Es funktioniert lediglich das Setzen des DAO's im Handler per DI nicht.
Wahrscheinlich liegt der Fehler wieder in einem kleinen Buchstaben von Spring. Achso hier noch kurz meine Dependencies der pom, die Spring und JPA betreffen:

pom.xml
[XML]<dependency>
			<groupId>org.hibernate</groupId>
			<artifactId>hibernate-core</artifactId>
			<version>3.3.2.GA</version>
		</dependency>
		<dependency>
			<groupId>org.hibernate</groupId>
			<artifactId>hibernate-annotations</artifactId>
			<version>3.4.0.GA</version>
		</dependency>

		<dependency>
			<groupId>org.hibernate</groupId>
			<artifactId>hibernate-entitymanager</artifactId>
			<version>3.4.0.GA</version>
		</dependency>

		<dependency>
			<groupId>org.springframework</groupId>
			<artifactId>spring-orm</artifactId>
			<version>3.0.1</version>
		</dependency>

		<dependency>
			<groupId>org.springframework</groupId>
			<artifactId>spring-context</artifactId>
			<version>2.5.6</version>
		</dependency>
		<dependency>
			<groupId>org.springframework</groupId>
			<artifactId>spring-core</artifactId>
			<version>2.5.6</version>
		</dependency>[/XML]

Was vielleicht schon hilfreich wäre, ist Spring Support in der eclipse IDE.. also auch, dass man z.B. wie bei STS ein Rechtsklick auf das Projekt machen kann und die Spring Project Nature hinzufügen kann.

VG
Erik


----------



## Noctarius (28. Mai 2010)

Brauch das GIN nicht einen eigenen Converter um das DI als JS Code abzubilden?


----------



## MySelV (28. Mai 2010)

Das ist richtig, da aber der Spring Context und die DAO's / Handler nur im Server existieren, dürfte das doch nichts machen oder?

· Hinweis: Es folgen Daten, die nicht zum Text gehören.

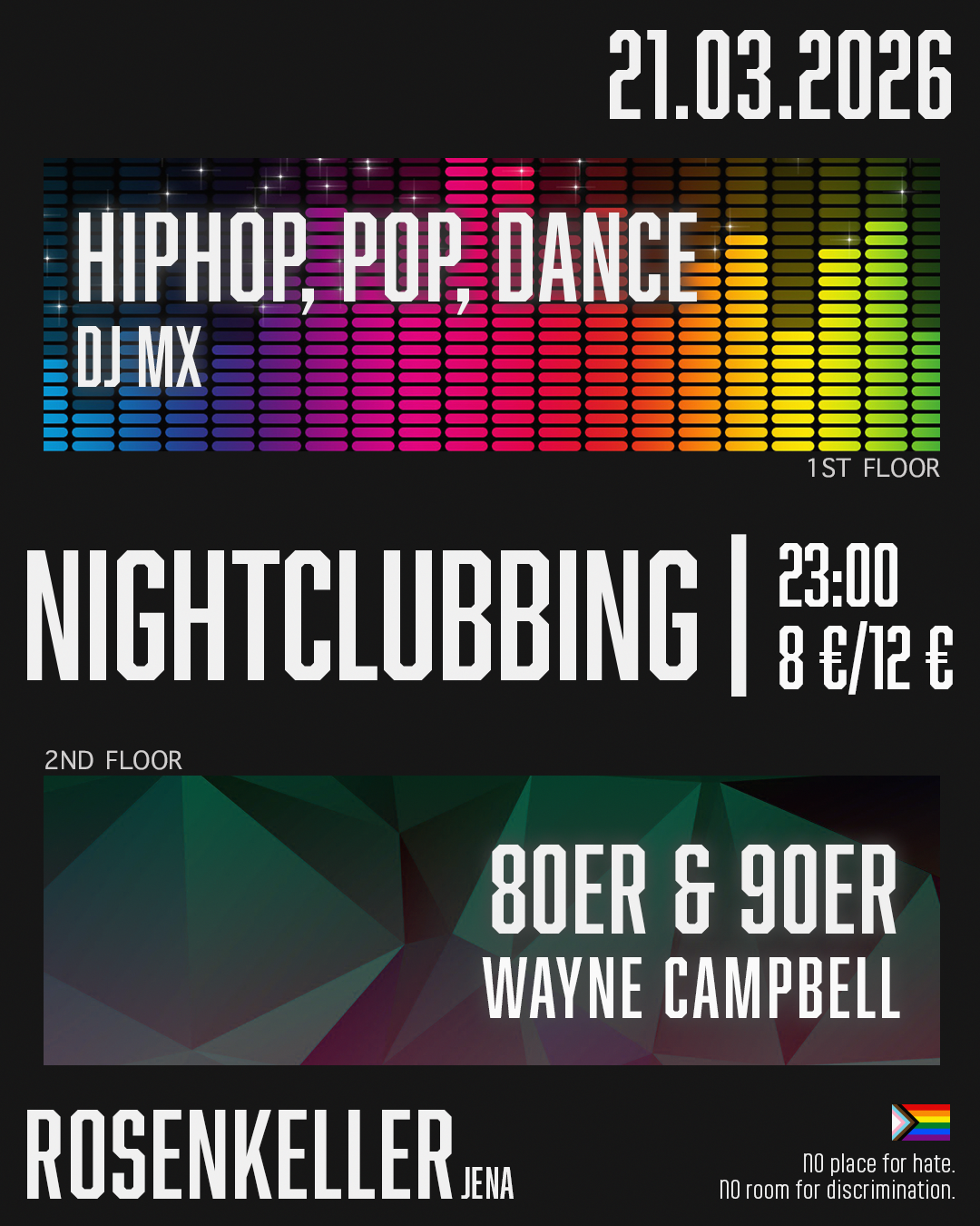 Jeden Samstag Disko im Rosenkeller! 1st floor: HipHop, Pop & Dance von DJ Mx2nd floor: 80er & 90er von Wayne Campbell Start: 23:00 UhrEintritt: 12 € / 8 € ErmäßigtP18 – Ausweispflicht für alle! Wir freuen uns auf euch! __________________________________________________________________ no antisemitism no racism no sexism no homohostile no ableism – NO HATE __________________________________________________________________ Disco ... Weiterlesen |
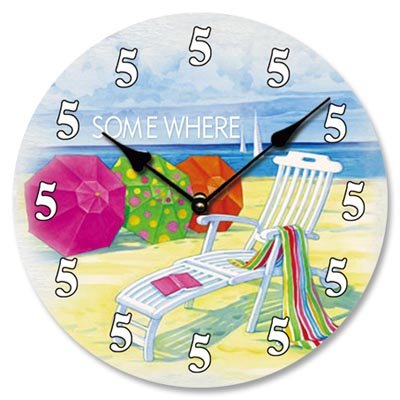 Summer Beach 5 Oclock Somewhere Wall Clock Wood & Canvas 7-3/4
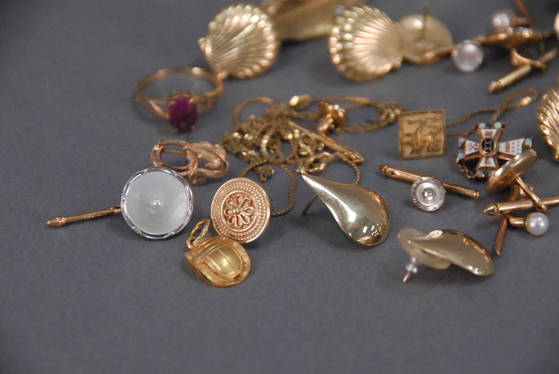Bag lot of mostly 14K gold, total weight 42.8 grams.
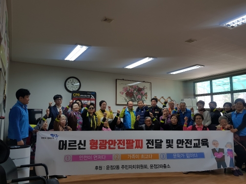 이날 어르신들이 안전하게 보행할 수 있도록 운정2동 주민자치위원회에서 준비한 어르신 형광안전 팔찌를 경로당에 전달하고 운정2파출소와 연계해 안전교육 및 심폐소생술 체험 교육을 연계 실시했다.
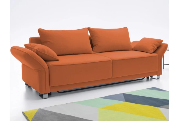Moderná a mäkko vypolstrovaná pohovka s polohovateľnými podrúčkami a veľkými opornými vankúšmi pre každodennú pohodu. Látkový poťah vo farbe tehlová oranžová. Priestranná pohovka je navyše vybavená praktickou rozkladacou funkciou a úložným miestom.
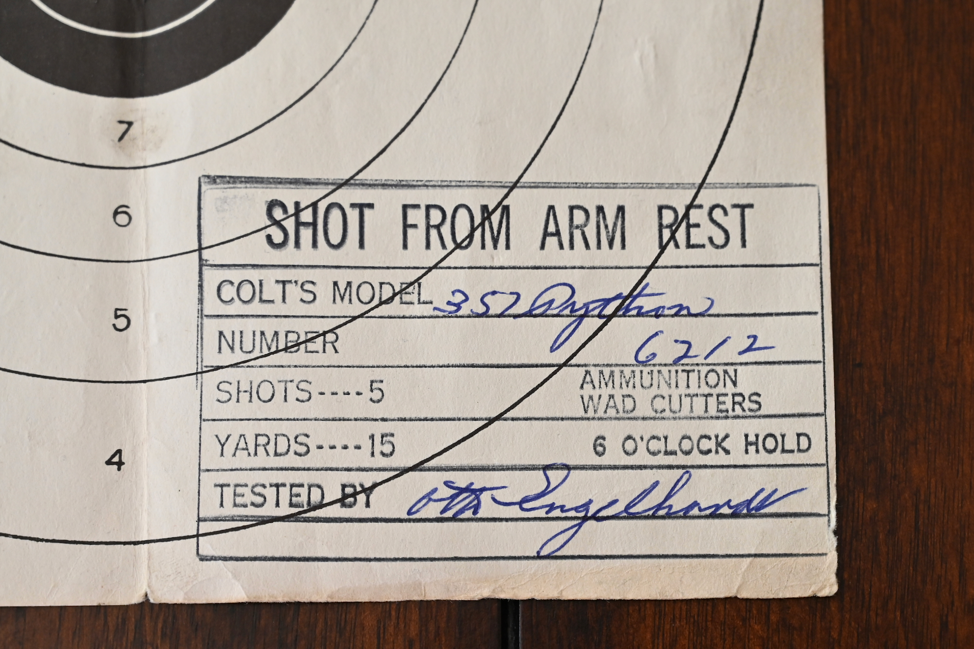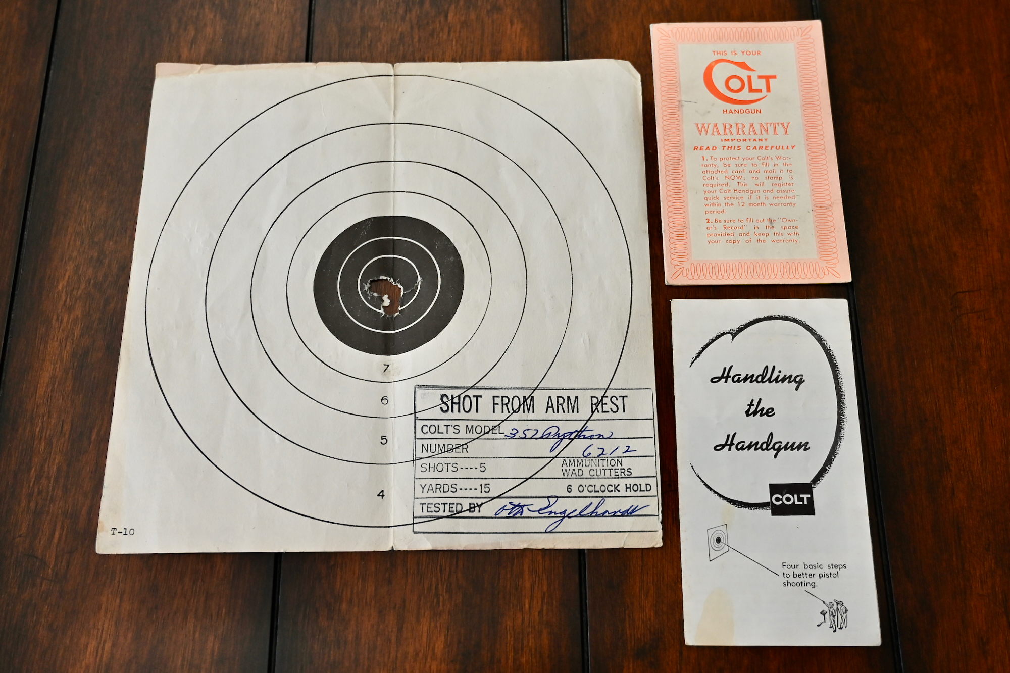 As mentioned previously, the package includes the factory original Colt two-piece faux woodgrain box, which is numbered to the gun (shows some storage wear and tape repairs), the original Colt warranty booklet, the original ‘Handling the Handgun’ brochure, as well as the original Engelhardt signed test target.
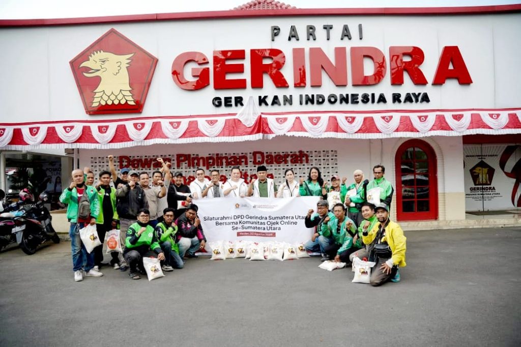 Medan, (Infokasus24.com) – Dewan Pimpinan Daerah (DPD) Partai Gerindra Sumatera Utara menggelar silaturahmi bersama komunitas ojek online (ojol) se-Sumatera Utara, sekaligus menyalurkan bantuan 1.000 paket beras, Sabtu (30/08/25).
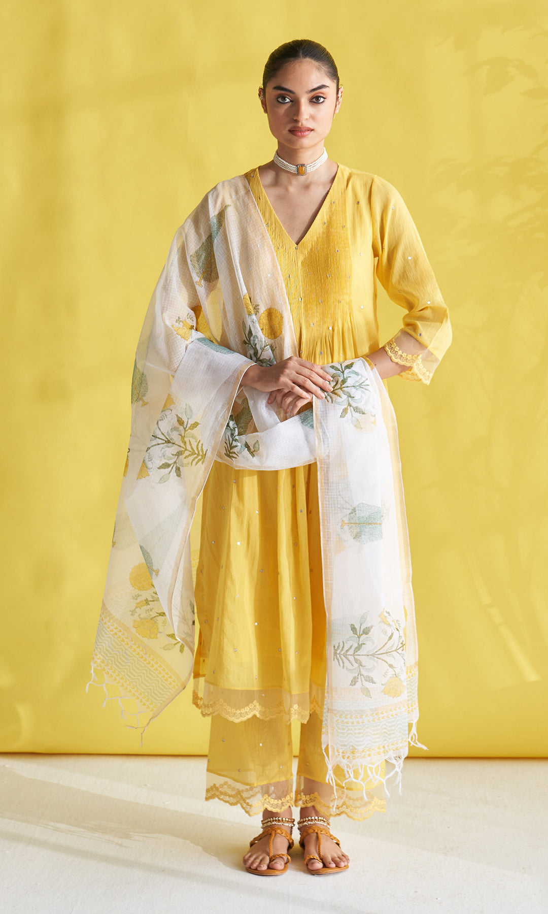 This set includes a V neck pintuck kurta set with organza lace details on the sleeves and hem paired with a matching palazzo with organza lace details on the hem and a floral block printed dupatta.

Der Code wird ja nicht in JS übersetzt. Ich bekomme übrigens mit der Konfiguration keine Fehlermeldung. Weder von GWT noch von Spring oder JPA


----------



## Noctarius (28. Mai 2010)

Wie holst du dir denn deinen BundeslandHandler?


----------



## MySelV (28. Mai 2010)

Per Callback über ein Event nach dem Observer Pattern - aber ja alles serverseitig. Worauf willst du hinaus?


----------



## Noctarius (28. Mai 2010)

Holst du es aus dem ApplicationContext oder instanzierst du es per new? Bei letzterem wird selbstverständlich nicht injected.


----------



## MySelV (28. Mai 2010)

Ah! *schnell mal vom Schlauch runtergeh*  Danke schonmal für den Hinweis.
Hmm könnte ich das umgehen, indem ich den Handler im Context als Bean registriere und ihm als property den Dao mitgebe?

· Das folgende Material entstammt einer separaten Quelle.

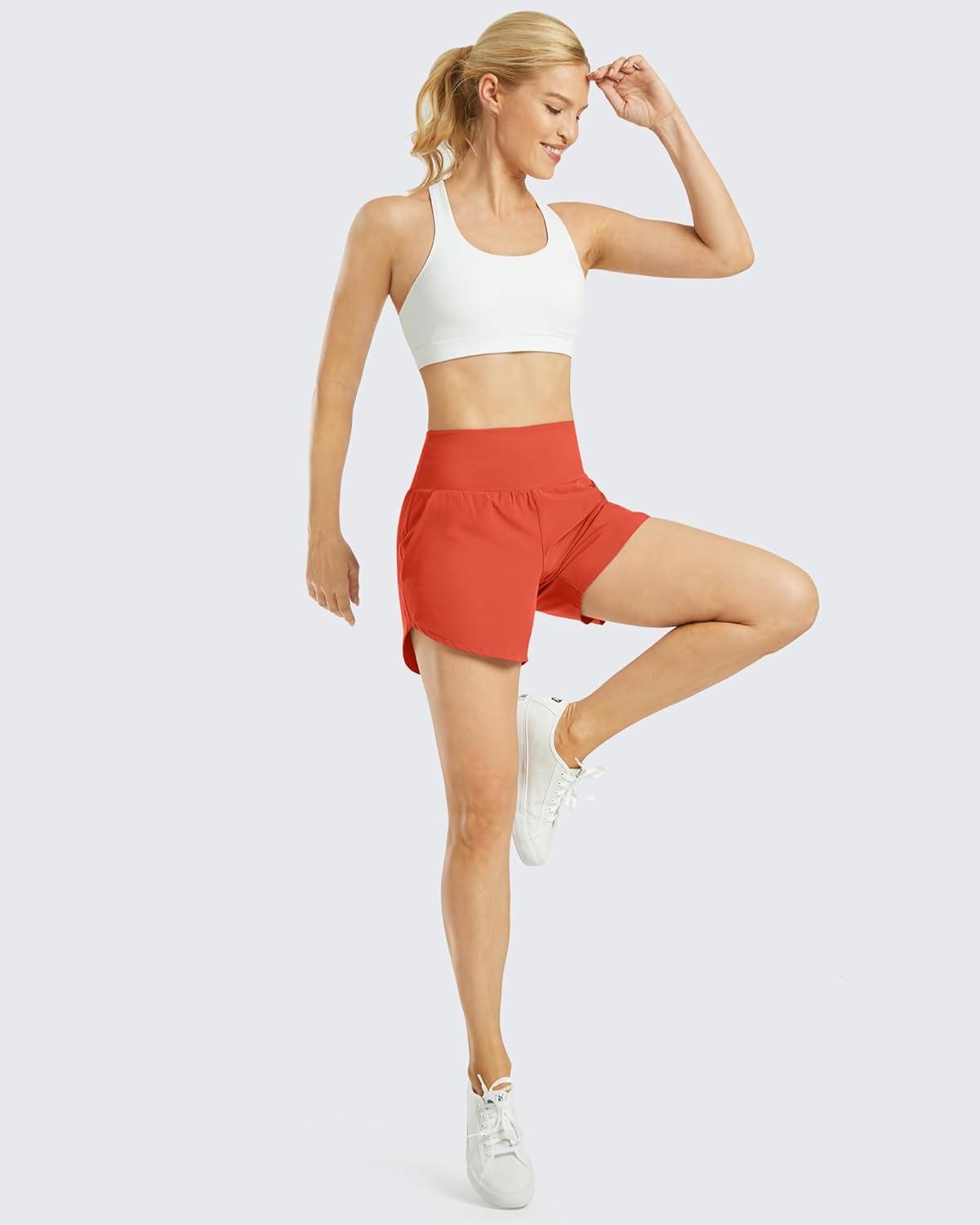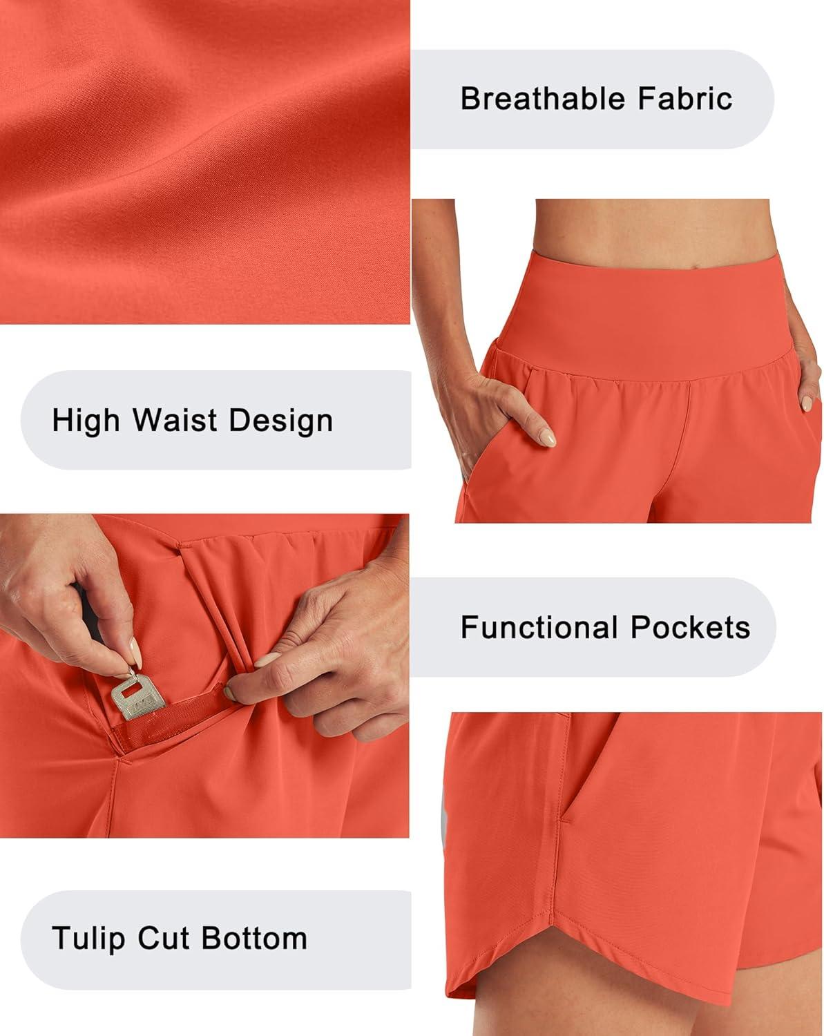 G4Free Chillwhisp Athletic Shorts for Women 4″ – High Waist Lightweight Casual Running Shorts Built-in Liner with Pockets(Rust Orange)

Habe das gerade mal probiert via

[XML]
<bean id="bundesLandHandler" class="de.test.server.handler.BundesLandHandler">
   <property name="bundesLandDao" ref="bundesLandDao" />
</bean>
[/XML]

So funktionierts leider auch noch nicht. Oder geht das noch anders?

Gruß Erik


----------



## Noctarius (28. Mai 2010)

Du musst dir eine Instanz aus dem App Context besorgen und damit arbeiten.


----------



## MySelV (29. Mai 2010)

Hmm mein Handler hat die Annotation @Component, weshalb ich davon ausging, dass Spring da auch DI ausführen kann.

Muss ich dann über ClassPathXmlApplicationContext.getBean() meinen Handler laden? Oder wie müsste das aussehen?

Gruß


----------



## Noctarius (30. Mai 2010)

Z.B. Component heißt nur, das Spring diese Klasse automatisch innerhalb des AppContextes kennt. Außerhalb macht Spring garnichts automatisch, da sich der new-Operator nicht überschreiben lässt.


----------



## MySelV (31. Mai 2010)

DI funktionierte schon. Ich sollte nicht auf obj == null prüfen, wenn Spring die Objekte erst injiziert, wenn sie auch benötigt werden :rtfm:

Kann damit zu und danke für die Hilfe


----------